The Business’s First Open Supply Device for Software program Provide Chain Safety
To assist organizations adopting the CIS steerage, Aqua launched Chain-Bench. Chain-Bench scans the DevOps stack from supply code to deployment and simplifies compliance with safety laws, requirements, and inner insurance policies to make sure groups can persistently implement software program safety controls and greatest practices.
“Constructing software program at scale requires sturdy governance of the software program provide chain, and robust governance requires efficient instruments. That is the place we noticed a possibility so as to add worth,” stated Eylam Milner, Director Argon Know-how, Aqua Safety. “We needed to leverage our experience in software program provide chain safety to assist construct vital steerage for certainly one of trade’s most urgent challenges, in addition to a free, accessible device to assist different organizations adhere to it.

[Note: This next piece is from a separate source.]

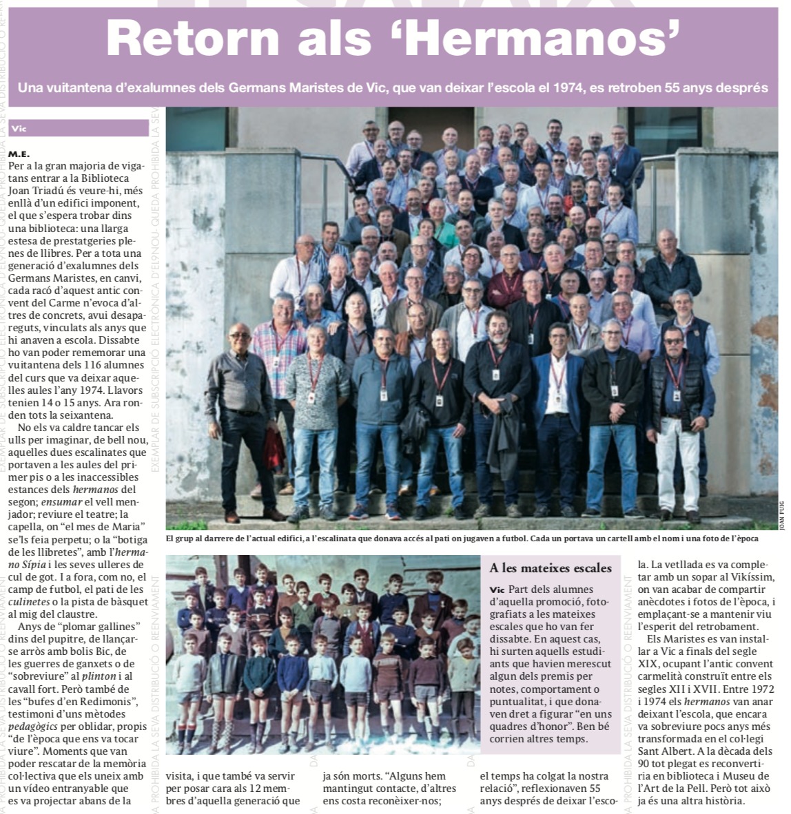 Estem molt agraïts a un grup d’exalumnes dels Germans Maristes de Vic, els quals han fet una trobada 55 anys després de deixar l’escola i han decidit lliurar els diners sobrants de l’organització a Osonament. Us deixem la notícia que… Continue Reading →

The work doesn’t cease right here. We’ll proceed working with CIS to refine this steerage, in order that organizations worldwide can profit from stronger safety practices.”
To study extra in regards to the CIS Software program Provide Chain Safety Information, go to the CIS WorkBench. To obtain Chain-Bench, go to GitHub.
About Middle for Web Safety, Inc. (CIS®)
The Middle for Web Safety, Inc. (CIS®) makes the related world a safer place for individuals, companies, and governments via our core competencies of collaboration and innovation. We’re a community-driven nonprofit, liable for the CIS Essential Safety Controls® and CIS Benchmarks™, globally acknowledged greatest practices for securing IT programs and knowledge. We lead a world neighborhood of IT professionals to constantly evolve these requirements and supply services and products to proactively safeguard towards rising threats. Our CIS Hardened Photographs® present safe, on- demand, scalable computing environments within the cloud. CIS is residence to the Multi-State Info Sharing and Evaluation Middle® (MS-ISAC®), the trusted useful resource for cyber menace prevention, safety, response, and restoration for U.S. State, Native, Tribal, and Territorial (SLTT) authorities entities, and the Elections Infrastructure Info Sharing and Evaluation Middle® (EI-ISAC®), which helps the quickly altering cybersecurity wants of U.S. election places of work. To study extra, go to CISecurity.org or observe us on Twitter: @CISecurity.
About Aqua Safety
Aqua Safety stops cloud native assaults. Because the pioneer and largest pure-play cloud native safety firm, Aqua helps clients unlock innovation and construct the way forward for their enterprise. The Aqua Platform is the trade’s most built-in Cloud Native Utility Safety Platform (CNAPP) securing the complete software lifecycle via prevention, detection and response. Based in 2015, Aqua is headquartered in Boston, MA and Ramat Gan, IL with Fortune 1000 clients in over 40 international locations. For extra data, go to www.aquasec.com.